If I look into src/libs/instruments.h
, I see that every one the errors are round a single operate: us_signum_to_string
. Let me see if I can simply remark out that operate to clear away the irrelevant warnings.
/*
DEBUG: Briefly delete this operate to get the construct working once more.
INLINE char *us_signum_to_string(int signum) {
...
return buf;
}
*/
With the pesky us_signum_to_string
operate eliminated, I’ll attempt to compile construct once more:
$ gcc src/take a look at.c src/libs/base64.c -o /tmp/b64test && /tmp/b64test
enter: hey, world!
output: aGVsbG8sIHdvcmxkIQ==
output bytes: 21
Hooray, no extra compiler warnings.
If I have been attempting to compile all of uStreamer, I’d have to determine find out how to get us_signum_to_string
to compile. For this train, I’m simply calling us_base64_encode
from Zig, so I don’t want us_signum_to_string
.
If I evaluate my take a look at.c
program’s output to my system’s built-in base64
utility, I can confirm that I’m producing the right consequence:
$ printf 'hey, world!' | base64
aGVsbG8sIHdvcmxkIQ==
The whole instance at this stage is on Github.
Including Zig to my uStreamer mission surroundings 🔗︎
My favourite approach of putting in Zig is with Nix, because it permits me to modify Zig variations simply. Be happy to install Zig any approach you favor.

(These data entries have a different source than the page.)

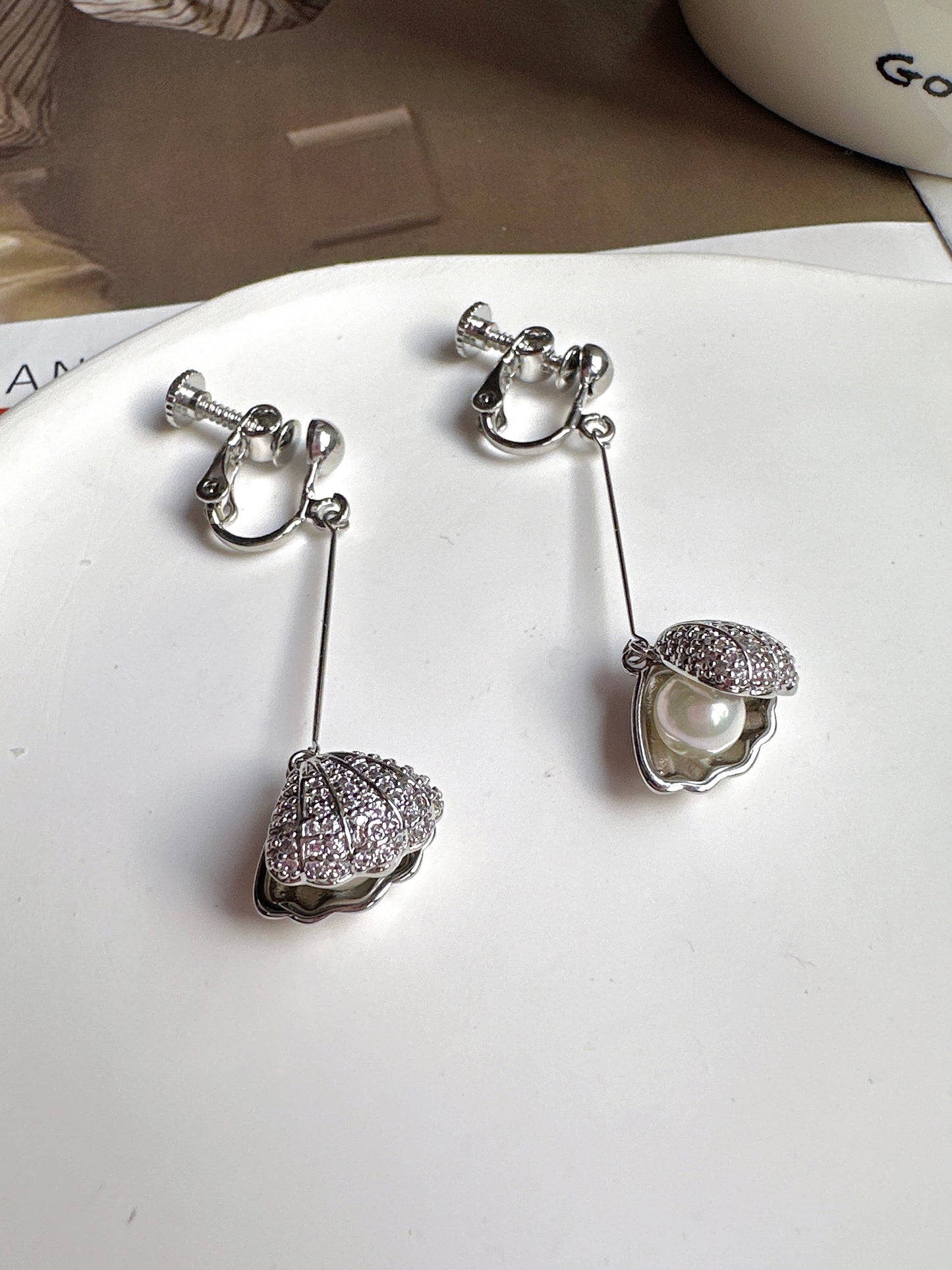 Unleash your inner mermaid with these quirky Silver Shall and Pearl Clip On Earrings! No need for pierced ears, these clip-ons will add a touch of whimsy to any outfit. Plus, the silver shell and pearl combo will have you feeling like a beach babe in no time. Dive into style with these unique earrings.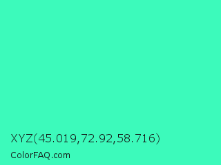 XYZ 45.019,72.92,58.716 Color is a light green color and the nearest color is Turquoise #40e0d0. Hex code #3cfabb and RGB value is rgb(60,250,187). In RGB color space, this color is composed of 24% red, 98% green, 73% blue, In CMYK color space, this color is composed of 76% cyan, 0% magenta, 25% yellow , 2% black , In HSL color space, this color has a hue angle of 160° , 95% saturation and 61% lightness.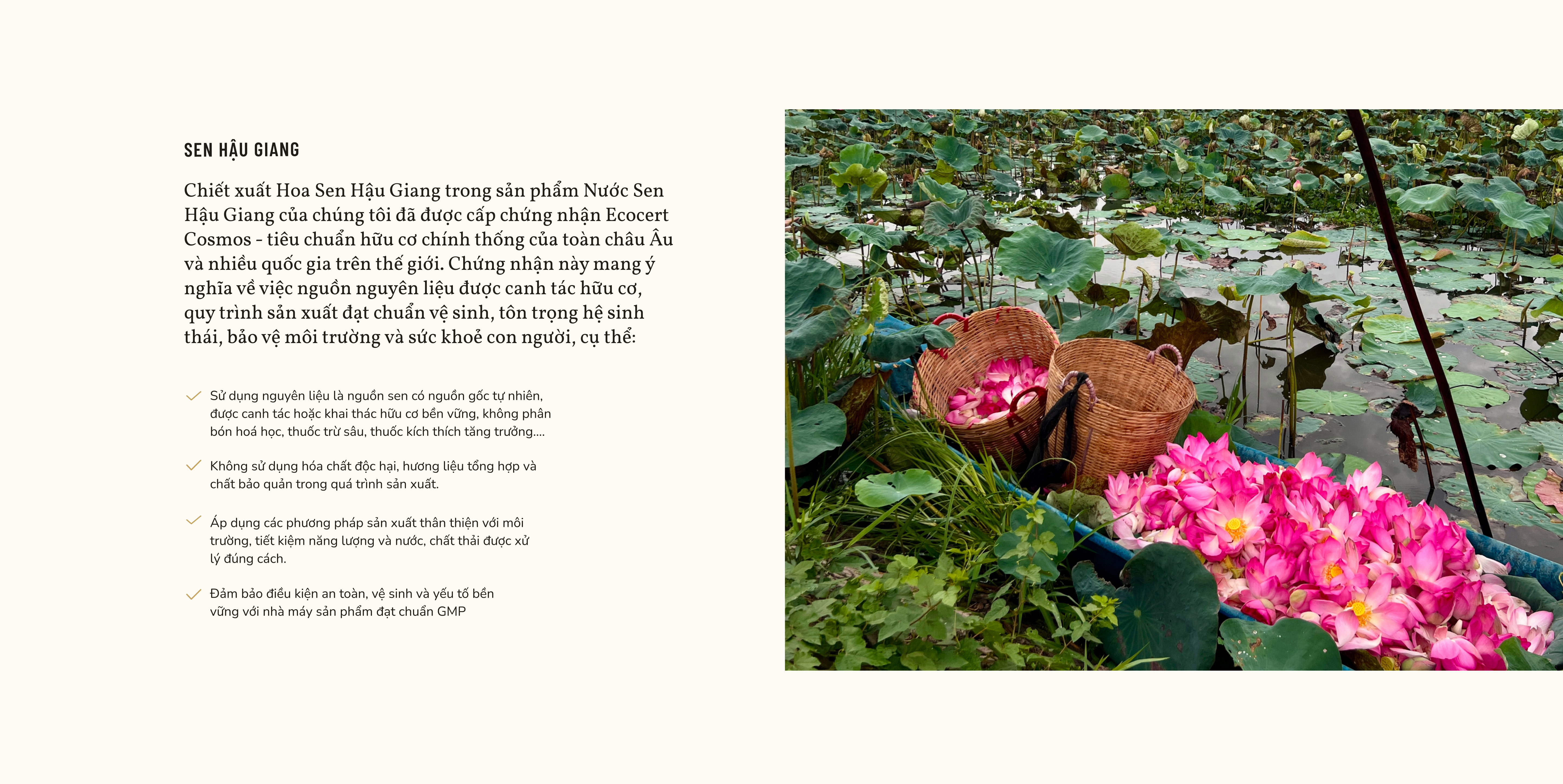 Nhờ hàm lượng các flavonoid cao, chiết xuất sen có tác dụng hạn chế các gốc tự do sinh ra bởi tia UV và các căng thẳng từ môi trường. Ngoài ra, trong chiết xuất hoa sen có các loại đường như fructose và glucose nên có đặc tính giữ ẩm cao, hỗ trợ làm mềm và làm dịu làn da nhạy cảm.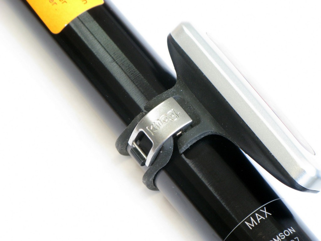Knog’s existing lights, which remain in the range, have a silicon rubber skin which fits closely over a hard plastic housing, but the Blinder has an anodised aluminium front cover, with a plastic rear, moulded to a silicon strap with a redesigned, stainless steel camber clip.
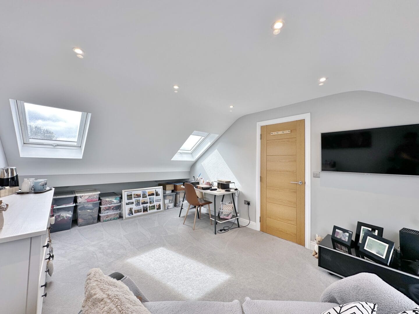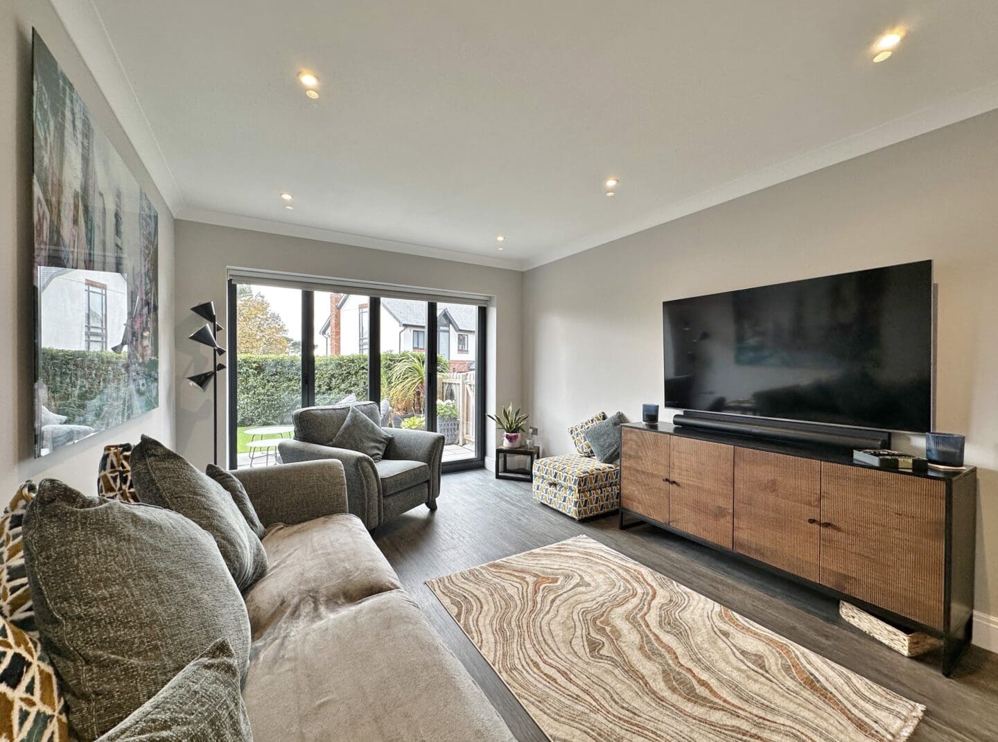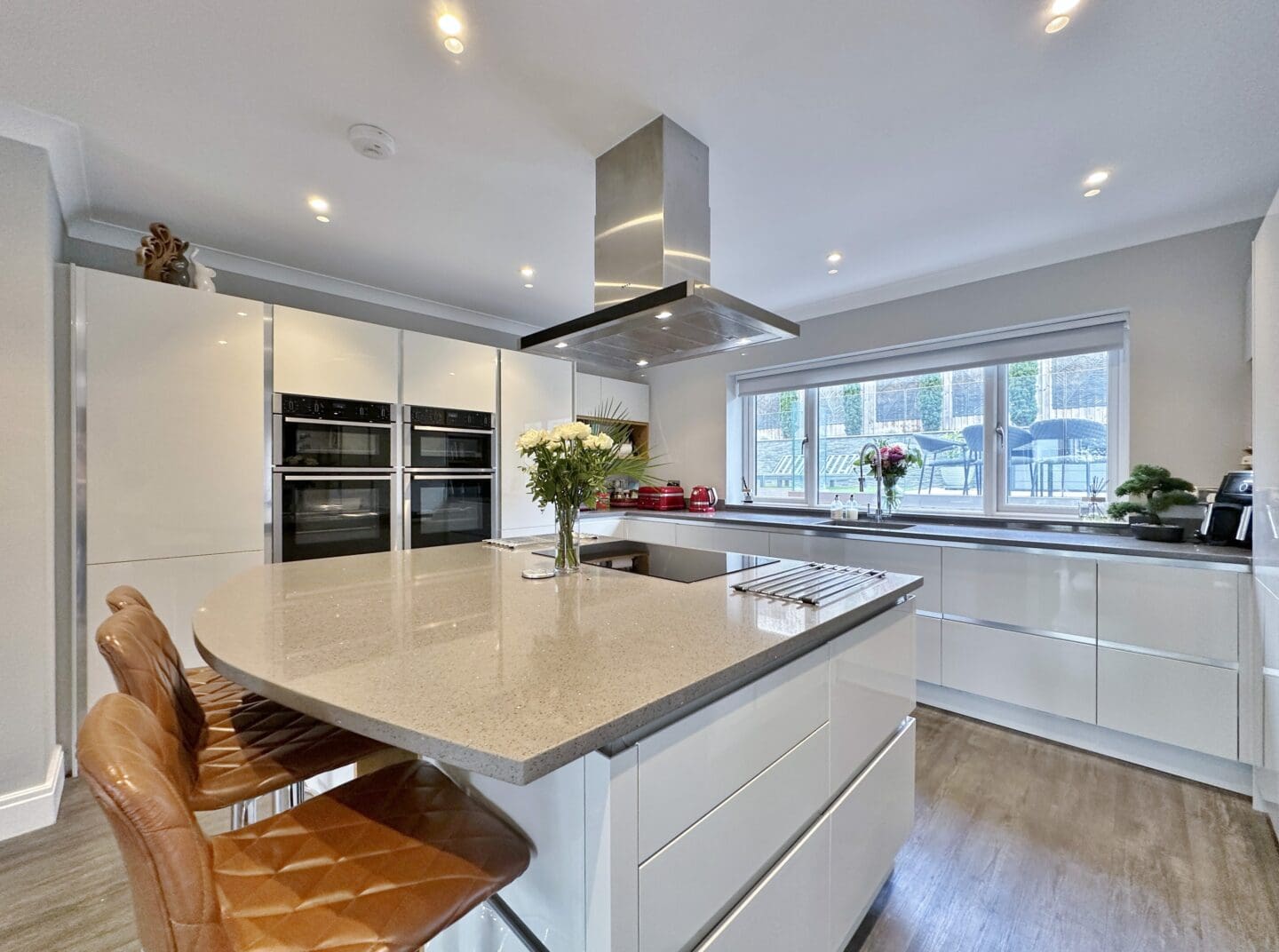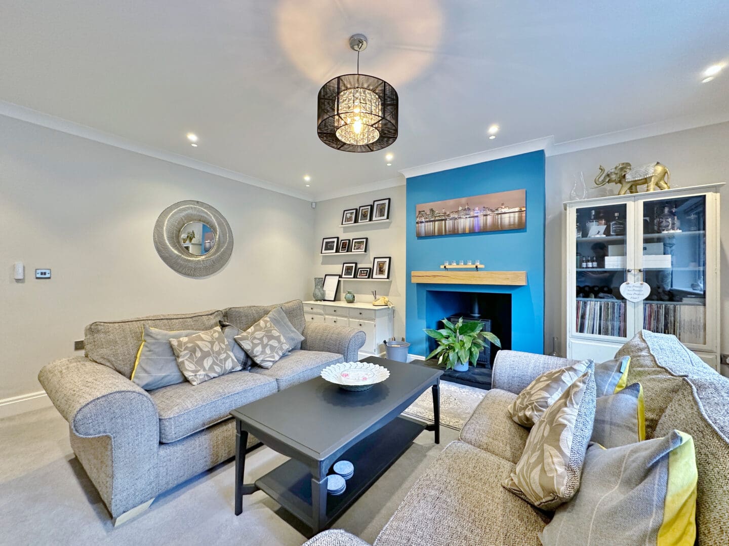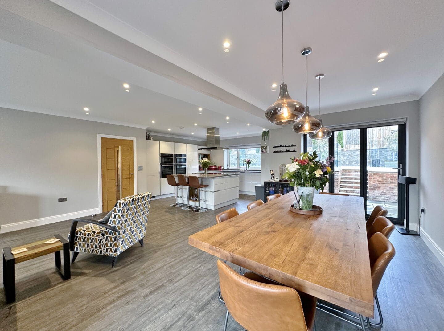 Inside, the accommodation is spread over three floors. The ground level is centred around a striking open plan living, dining, and kitchen area, complete with a large island and high end appliances. Bi-folding doors open out onto the rear garden, which has been designed for entertaining and relaxation, featuring porcelain paving, mature planting, a pergola, and hot tub. A separate lounge with a log-burning stove, a home office, a utility room, and a shower room complete this floor. The first floor offers a superb master suite with Juliet balcony, a walk through dressing area (which could be converted back into a bedroom), and an adjoining en-suite. Two further bedrooms share a modern shower room. On the top floor are two additional doubles with fitted storage and wonderful views extending towards Wales, along with another stylish shower room.

I added the next flake.nix
file to my mission, which pulls Zig 0.11.0 into my surroundings:
{
description = "Dev surroundings for zig-c-simple";
inputs = {
flake-utils.url = "github:numtide/flake-utils";
# 0.11.0
zig_dep.url = "github:NixOS/nixpkgs/46688f8eb5cd6f1298d873d4d2b9cf245e09e88e";
};
outputs = { self, flake-utils, zig_dep }@inputs :
flake-utils.lib.eachDefaultSystem (system:
let
zig_dep = inputs.zig_dep.legacyPackages.${system};
in
{
devShells.default = zig_dep.mkShell {
packages = [
zig_dep.zig
];
shellHook = ''
echo "zig" "$(zig model)"
'';
};
});
}
From right here, I can run nix develop
, and I see that Nix 0.11.0 is on the market in my mission surroundings:
# There is a bizarre quirk of Nix flakes that they should be added to your git
# repo.
$ git add flake.nix
$ nix develop
zig 0.11.0
Making a Zig executable 🔗︎
The Zig compiler’s init-exe
creates a boilerplate Zig software, so I’ll use it to create a easy Zig app throughout the uStreamer supply tree:
$ zig init-exe
data: Created construct.zig
data: Created src/important.zig
data: Subsequent, attempt `zig construct --help` or `zig construct run`
If I attempt compiling and working the boilerplate Zig software, I see that every little thing works:
$ zig construct run
All of your codebase are belong to us.
Run `zig construct take a look at` to run the checks.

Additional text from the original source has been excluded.